Вскоре Гретель подняла глаза – теперь в них появилось то грустное и покорное выражение, которое, как говорят, часто бывает во взгляде бедных детей, – и пролепетала дрожащим голосом.
– Отец хотел сжечь тебя… да, хотел, я все видела… и при этом он смеялся!
– Тише, дочка!
Мать проговорила эти слова так порывисто и резко, что Рафф Бринкер, хоть он и был без сознания, слегка шевельнулся на кровати.
Гретель умолкла и, грустная, стала ощипывать неровные края дырки в праздничном платье матери. Здесь оно было прожжено… Счастье еще для тетушки Бринкер, что платье было шерстяное.
Глава XVI
Хаарлем. Мальчики слышат голоса
Насытившись и отдохнув, мальчики вышли из кофейни в тот миг, когда большие часы на площади, как и многие другие часы в Голландии, пробили два раза тем колоколом, которые отбивают полчаса, – это означало, что сейчас половина третьего.
Капитан был задумчив, так как печальный рассказ Ханса Бринкера все еще звучал у него в ушах. И только когда Людвиг, смеясь, окликнул его: "Проснись, дедушка!" – он снова принялся выполнять обязанности доблестного вожака своего отряда.
– Эй вы, молодые люди, сюда! – крикнул он.
Ребята шли по городским улицам, но не по тротуару – они редко встречаются в Голландии, – а по выложенной кирпичом дорожке, примыкающей на одном уровне к булыжной мостовой.
В честь святого Николааса Хаарлем, так же как Амстердам, принял праздничный вид.
Навстречу мальчикам шел какой-то странный человек. Он был невысок ростом, в черном костюме и коротком плаще; на голове у него были парик и треугольная шляпа, с которой свешивался длинный креповый шарф.
– Кто это? – воскликнул Бен. – Что за странная фигура!
– Это аанспреекер (оповеститель), – сказал Ламберт. – Кто-нибудь умер.

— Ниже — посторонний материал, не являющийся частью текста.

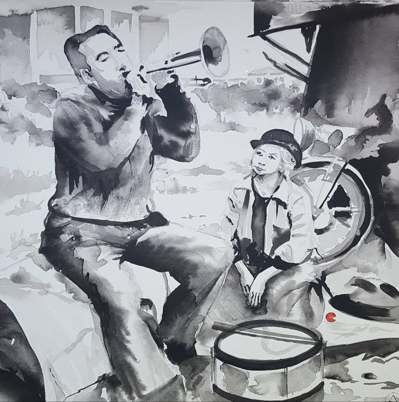 L’idée de cette toile est née de réflexions suite au massacre d’Orlando. Si l’homosexualité décenche une telle violence c’est peut-être qu’on la cache trop. Toute hétéro que je suis ne puis-je pas faire du beau avec une représentation moins normée de l’amour et de la tendresse ? Je vais maintenant réaliser une seconde toile de la même taille avec deux femmes. ☺
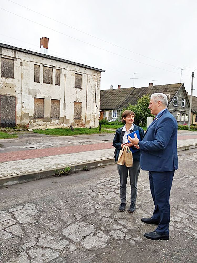 Su specialiste susitiko Biržų rajono savivaldybės meras Vytas Jareckas ir Savivaldybės administracijos Architektūros ir urbanistikos skyriaus vyriausiasis specialistas (paveldosaugos) Dalius Mikelionis.

– Разве здесь у вас все так носят траур?
– Нет. Аанспреекер распоряжается на похоронах; когда кто-нибудь умирает, он должен обойти всех друзей и родственников покойника и оповестить их.
– Что за странный обычай!
– Ну, – сказал Ламберт, – нам, пожалуй, не стоит особенно огорчаться по поводу той смерти, о которой он сейчас оповещает. Я вижу – другой человек только что прибыл в мир, чтобы занять опустевшее место.
Бен удивленно взглянул на него:
– Почему ты знаешь?
– Видишь хорошенькую красную подушечку для булавок, что висит на той двери? – в свою очередь спросил Ламберт.
– Да.
– Так вот: значит, родился мальчик.
– Мальчик? Как ты это узнал?
– Видишь ли, когда здесь, в Хаарлеме, родится мальчик, его родители вешают на дверь красную подушечку для булавок. Если бы родилась девочка, висела бы белая подушечка. В некоторых местах на дверь вешают более нарядные вещицы, сплошь обшитые кружевами, и даже на самых бедных домах можно увидеть ленту или хотя бы веревочку, привязанную к дверному замку…
– Смотри! – чуть не взвизгнул Бен. – Так оно и есть: видишь белую подушечку на двери того дома с пристройкой и с такой чудно́й крышей?
– Я не вижу никакого дома с чудной крышей.
– Ну конечно, – сказал Бен, – я забыл, что ты местный житель, а мне здесь все крыши кажутся странными. Я говорю о доме, что стоит рядом с тем зеленым зданием.
– Верно, там родилась девочка. Вот что я тебе скажу, капитан, – крикнул Ламберт, без запинки переходя на голландский язык, – надо нам как можно скорее убраться с этой улицы! Она кишит грудными ребятами! Еще минута – и они поднимут дикий гвалт.
Капитан рассмеялся.
– Идем, я поведу вас слушать музыку получше этой, – сказал он. – Мы попали сюда как раз вовремя, чтобы послушать орга́н Святого Бавона. Сегодня церковь открыта.
– Как?! Огромный хаарлемский орган? – спросил Бен. – Вот замечательно! Я не раз читал о нем, о его громадных трубах и vox humana , который звучит, как голос гиганта.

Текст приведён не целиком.